(Instructions for the task) Retype nothing but the lines from the start of the material up to and including the line with "Внимательно прочитайте этикетку". Pictures don't belong in the copy.
**** Stored data ****
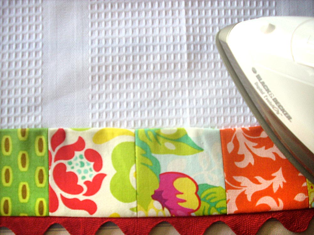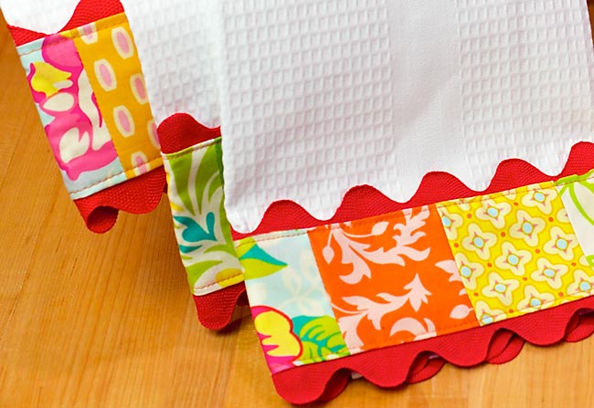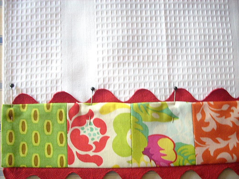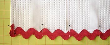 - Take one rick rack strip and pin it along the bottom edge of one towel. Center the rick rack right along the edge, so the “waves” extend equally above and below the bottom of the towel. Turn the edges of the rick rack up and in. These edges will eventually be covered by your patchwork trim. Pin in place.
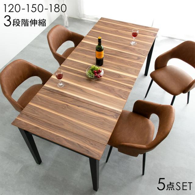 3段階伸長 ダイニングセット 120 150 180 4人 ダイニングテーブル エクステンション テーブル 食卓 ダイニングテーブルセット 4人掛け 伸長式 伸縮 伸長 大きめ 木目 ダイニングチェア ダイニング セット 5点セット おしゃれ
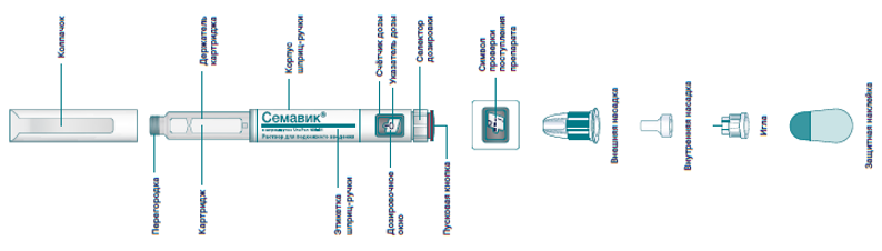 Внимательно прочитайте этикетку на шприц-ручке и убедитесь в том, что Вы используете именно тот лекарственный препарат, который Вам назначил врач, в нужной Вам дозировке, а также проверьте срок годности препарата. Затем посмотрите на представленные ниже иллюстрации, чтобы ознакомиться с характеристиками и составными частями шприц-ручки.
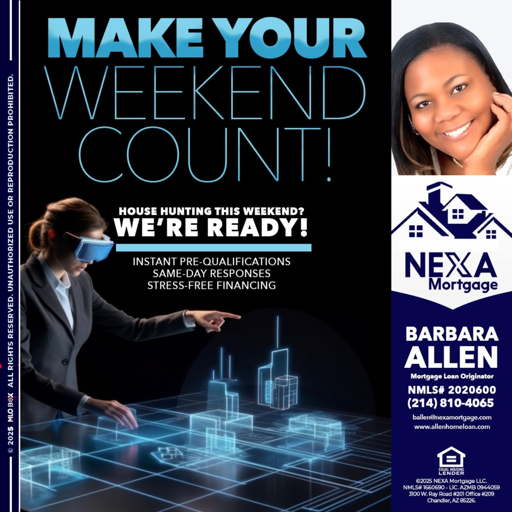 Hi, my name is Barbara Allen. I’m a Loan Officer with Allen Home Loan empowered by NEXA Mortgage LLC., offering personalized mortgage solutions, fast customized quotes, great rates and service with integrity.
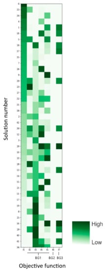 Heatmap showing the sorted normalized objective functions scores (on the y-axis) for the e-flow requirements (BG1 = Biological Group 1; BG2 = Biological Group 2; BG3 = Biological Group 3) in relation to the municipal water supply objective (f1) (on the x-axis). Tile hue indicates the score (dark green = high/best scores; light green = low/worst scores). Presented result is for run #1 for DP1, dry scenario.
****
(Result for this exercise)
 - Take one rick rack strip and pin it along the bottom edge of one towel. Center the rick rack right along the edge, so the “waves” extend equally above and below the bottom of the towel. Turn the edges of the rick rack up and in. These edges will eventually be covered by your patchwork trim. Pin in place.
 3段階伸長 ダイニングセット 120 150 180 4人 ダイニングテーブル エクステンション テーブル 食卓 ダイニングテーブルセット 4人掛け 伸長式 伸縮 伸長 大きめ 木目 ダイニングチェア ダイニング セット 5点セット おしゃれ
 Внимательно прочитайте этикетку на шприц-ручке и убедитесь в том, что Вы используете именно тот лекарственный препарат, который Вам назначил врач, в нужной Вам дозировке, а также проверьте срок годности препарата. Затем посмотрите на представленные ниже иллюстрации, чтобы ознакомиться с характеристиками и составными частями шприц-ручки.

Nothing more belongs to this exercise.